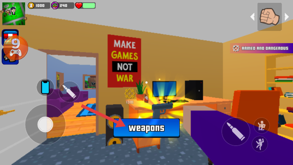 3、点击【weapons】按钮,获取武器,提升战斗能力,为战斗做好准备。
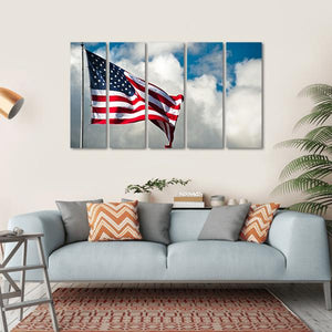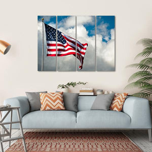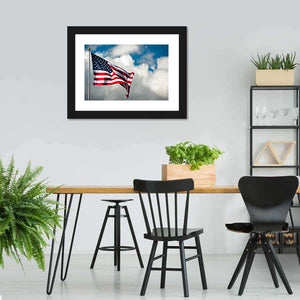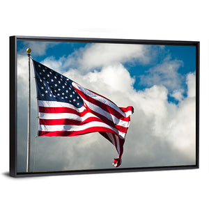 This vibrant canvas captures the American flag waving against a backdrop of fluffy clouds. Its patriotic theme and dynamic colors of red, white, and blue create a bright ambiance, making it an engaging focal point for any space.
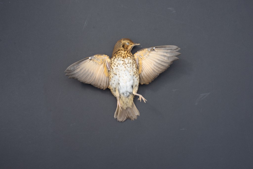 That proved to be not necessary. When we returned from a Saturday morning walk I discovered that a young thrush had flown into our bedroom windows and broken its neck in the process. Before I disposed of the body I positioned it on a black piece of card and insured that the light direction matched how I had photographed the birds.
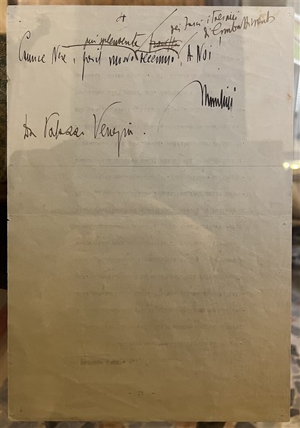 MUSSOLINIANA: Minuta autografa firmata da Benito Mussolini e datata da Palazzo
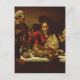 Jesus Christ resurrected and on the road to Emaus has a meal with friends and followers. Fine art from the 16th century the Italian artist Carvaggio.
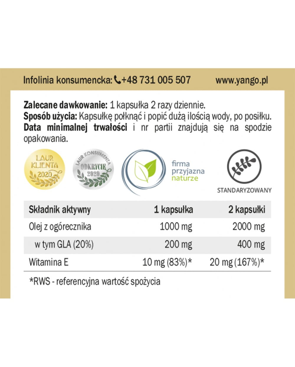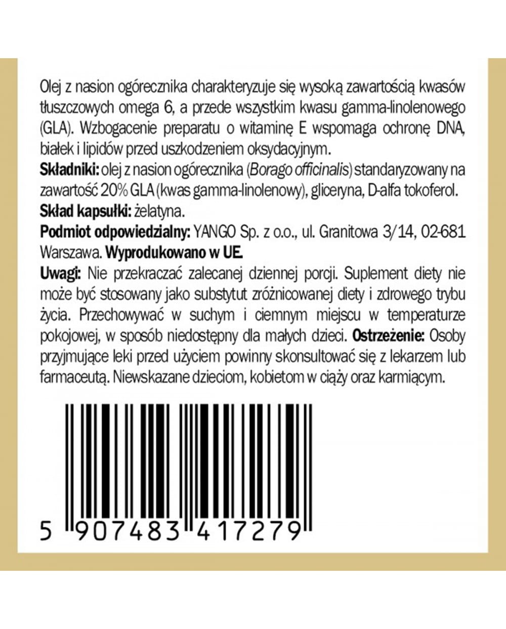 Składniki: Olej z nasion ogórecznika (Borago officinalis) standaryzowany na zawartość 20% GLA (kwas gamma-linolenowy), gliceryna, D-alfa tokoferol. Skład kapsułki: żelatyna,substancja utrzymująca wilgoć:glicerol. Podmiot odpowiedzialny: YANGO Sp. z o.o. ul. Granitowa 3/14, 02-681 Warszawa. Wyprodukowano w UE. Masa netto: 80,7g.
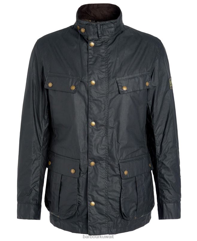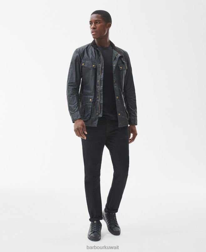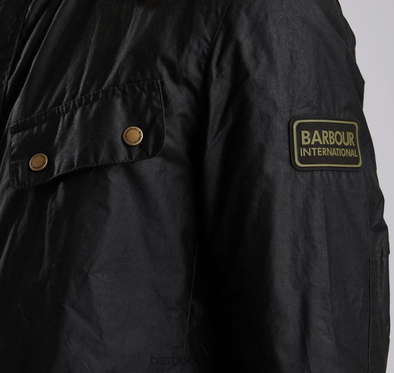 جاكيت خفيف الوزن من القطن المشمع من Barbour international مع جيوب صدر بزاوية وجيبين منخفضين بطيات. إنه مزود ببطانة قطنية خفيفة الوزن ، وبطانة من ياقة سروال قصير وأربطة مسمار بلون ذهبي في جميع الأنحاء لإطلالة كلاسيكية.
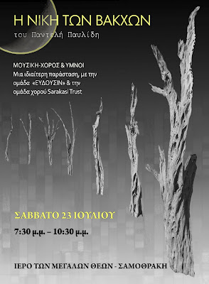 Στο πλαίσιο των εκδηλώσεων “ΠΑΙ2011” εντάσσεται και η μουσικο-χορευτική παράσταση “Η Νίκη των Βακχών” του Παντελή Παυλίδη που θα κάνει πρεμιέρα στις 7.30 μ.μ. το Σάββατο, 23 Ιουλίου, στο Ιερό των Μεγάλων Θεών. Πρόκειται για μια ιδιαίτερη παράσταση με την ομάδα “ΕΥΔΟΥΣΙΝ” και το χορευτικό σχήμα sarakasi trust. …Η Νίκη των Βακχών» αποτελεί μία μοναδική παράσταση, γιατί εξιστορείται κατά τον τρόπο της αρχαίας τραγωδίας από το μουσικό σχήμα «ΕΥΔΟΥΣΙΝ», χορευτές από την Ελλάδα, την ομάδα χορού Sarakasi Trust, από το Ναϊρόμπι της Κένυας και την Ινδή κορυφαία χορεύτρια Radhika Shah που με το σώμα και τη φωνή τους, μετουσιώνουν τα μηνύματα του έργου και αναδεικνύουν την ιστορία του Διονύσου από τον Ευριπίδη.
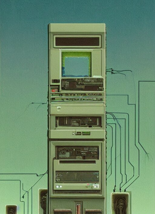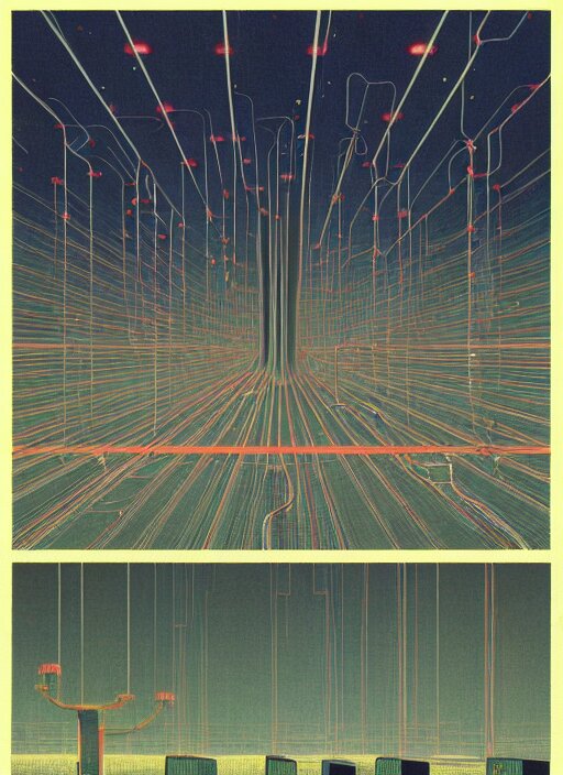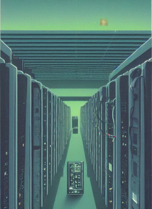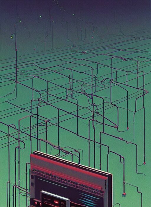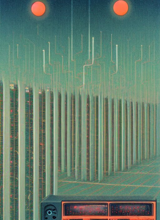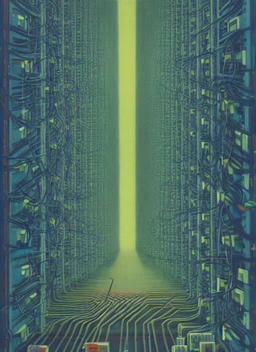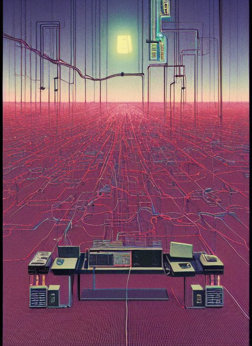 Mainframes connected by neuronal wires cluster in lilting colonies atop a three and a quarter inch floppy disk that stretches into the distance edward hopper and james gilleard, zdzislaw beksinski, mark ryden, wolfgang lettl highly detailed, hints of yayoi kasuma
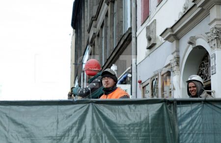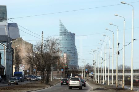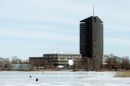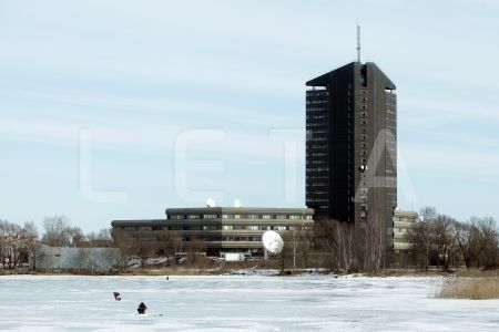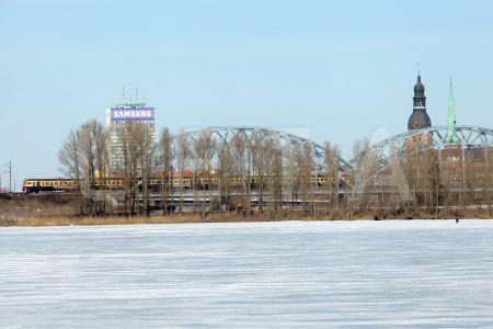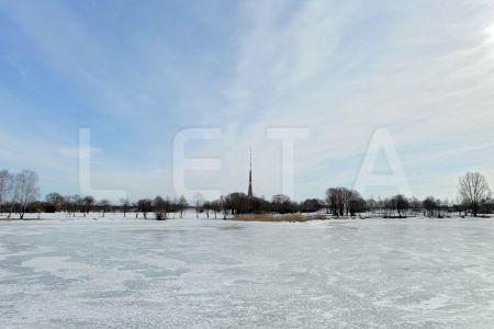 Skats uz aizsalašu Bieķengrāvi un Latvijas televīzijas ēku.
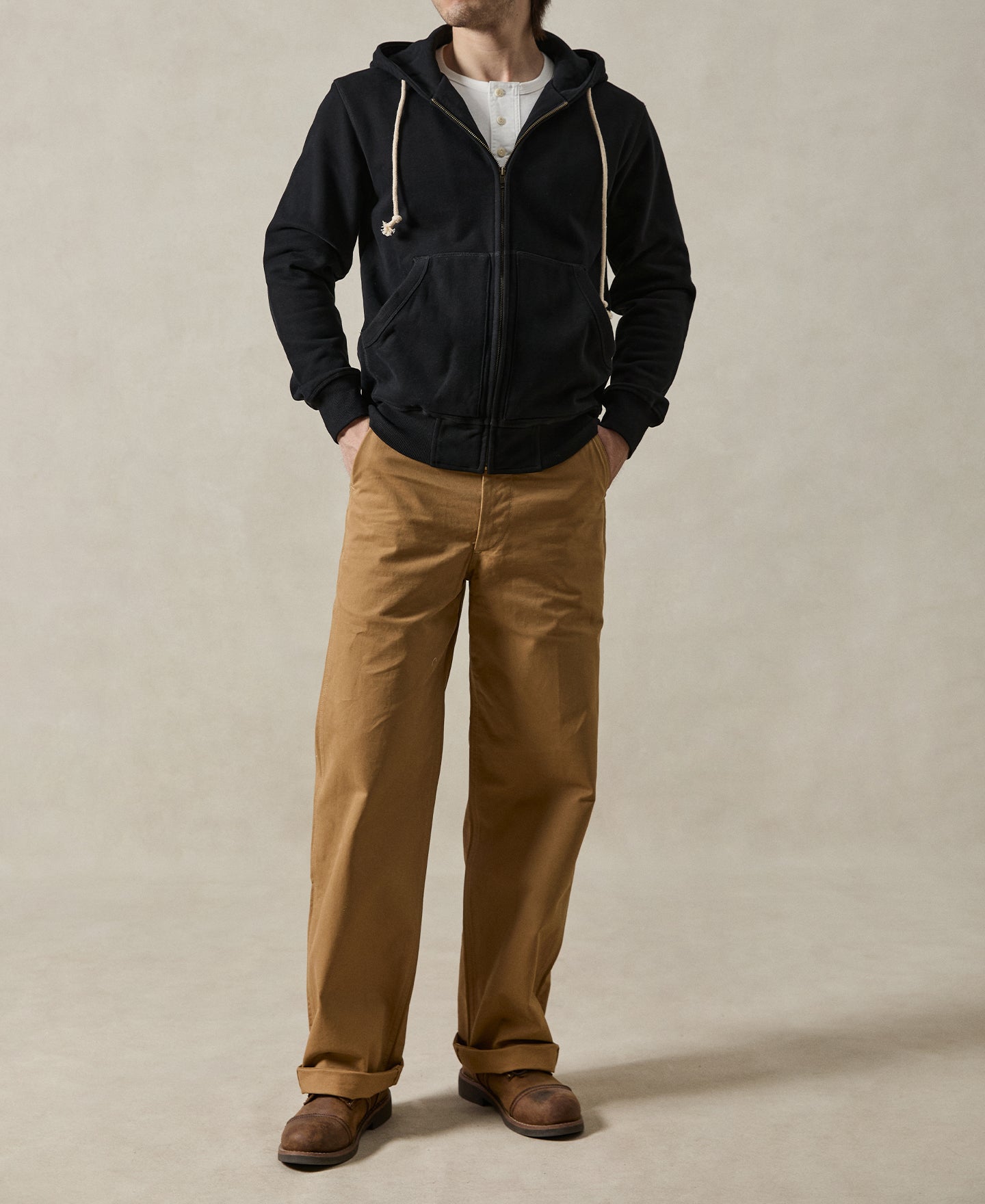 500g의 고중량 테리 소재로 제작된 이 집업 후디는 내구성과 구조적인 구조로 제작되었습니다. 촘촘한 원단은 루프백 안감으로 통기성이 뛰어나 플리스 소재에서 흔히 발생하는 털 빠짐을 방지합니다. 후드는 이중 구조로 보강되어 형태와 커버력을 높였습니다. 전체적으로 노출된 스티칭은 견고하고 실용적인 느낌을 주며, 골지 트리밍 포켓은 기능성과 디테일을 모두 더해줍니다.
★ ★ ★
> [What you need to do]: Exact repetition of the material above is required, with the images removed.

> [Result]:
 3、点击【weapons】按钮,获取武器,提升战斗能力,为战斗做好准备。
 This vibrant canvas captures the American flag waving against a backdrop of fluffy clouds. Its patriotic theme and dynamic colors of red, white, and blue create a bright ambiance, making it an engaging focal point for any space.
 That proved to be not necessary. When we returned from a Saturday morning walk I discovered that a young thrush had flown into our bedroom windows and broken its neck in the process. Before I disposed of the body I positioned it on a black piece of card and insured that the light direction matched how I had photographed the birds.
 MUSSOLINIANA: Minuta autografa firmata da Benito Mussolini e datata da Palazzo
 Jesus Christ resurrected and on the road to Emaus has a meal with friends and followers. Fine art from the 16th century the Italian artist Carvaggio.
 Składniki: Olej z nasion ogórecznika (Borago officinalis) standaryzowany na zawartość 20% GLA (kwas gamma-linolenowy), gliceryna, D-alfa tokoferol. Skład kapsułki: żelatyna,substancja utrzymująca wilgoć:glicerol. Podmiot odpowiedzialny: YANGO Sp. z o.o. ul. Granitowa 3/14, 02-681 Warszawa. Wyprodukowano w UE. Masa netto: 80,7g.
 جاكيت خفيف الوزن من القطن المشمع من Barbour international مع جيوب صدر بزاوية وجيبين منخفضين بطيات. إنه مزود ببطانة قطنية خفيفة الوزن ، وبطانة من ياقة سروال قصير وأربطة مسمار بلون ذهبي في جميع الأنحاء لإطلالة كلاسيكية.
 Στο πλαίσιο των εκδηλώσεων “ΠΑΙ2011” εντάσσεται και η μουσικο-χορευτική παράσταση “Η Νίκη των Βακχών” του Παντελή Παυλίδη που θα κάνει πρεμιέρα στις 7.30 μ.μ. το Σάββατο, 23 Ιουλίου, στο Ιερό των Μεγάλων Θεών. Πρόκειται για μια ιδιαίτερη παράσταση με την ομάδα “ΕΥΔΟΥΣΙΝ” και το χορευτικό σχήμα sarakasi trust. …Η Νίκη των Βακχών» αποτελεί μία μοναδική παράσταση, γιατί εξιστορείται κατά τον τρόπο της αρχαίας τραγωδίας από το μουσικό σχήμα «ΕΥΔΟΥΣΙΝ», χορευτές από την Ελλάδα, την ομάδα χορού Sarakasi Trust, από το Ναϊρόμπι της Κένυας και την Ινδή κορυφαία χορεύτρια Radhika Shah που με το σώμα και τη φωνή τους, μετουσιώνουν τα μηνύματα του έργου και αναδεικνύουν την ιστορία του Διονύσου από τον Ευριπίδη.
 Mainframes connected by neuronal wires cluster in lilting colonies atop a three and a quarter inch floppy disk that stretches into the distance edward hopper and james gilleard, zdzislaw beksinski, mark ryden, wolfgang lettl highly detailed, hints of yayoi kasuma
 Skats uz aizsalašu Bieķengrāvi un Latvijas televīzijas ēku.
 500g의 고중량 테리 소재로 제작된 이 집업 후디는 내구성과 구조적인 구조로 제작되었습니다. 촘촘한 원단은 루프백 안감으로 통기성이 뛰어나 플리스 소재에서 흔히 발생하는 털 빠짐을 방지합니다. 후드는 이중 구조로 보강되어 형태와 커버력을 높였습니다. 전체적으로 노출된 스티칭은 견고하고 실용적인 느낌을 주며, 골지 트리밍 포켓은 기능성과 디테일을 모두 더해줍니다.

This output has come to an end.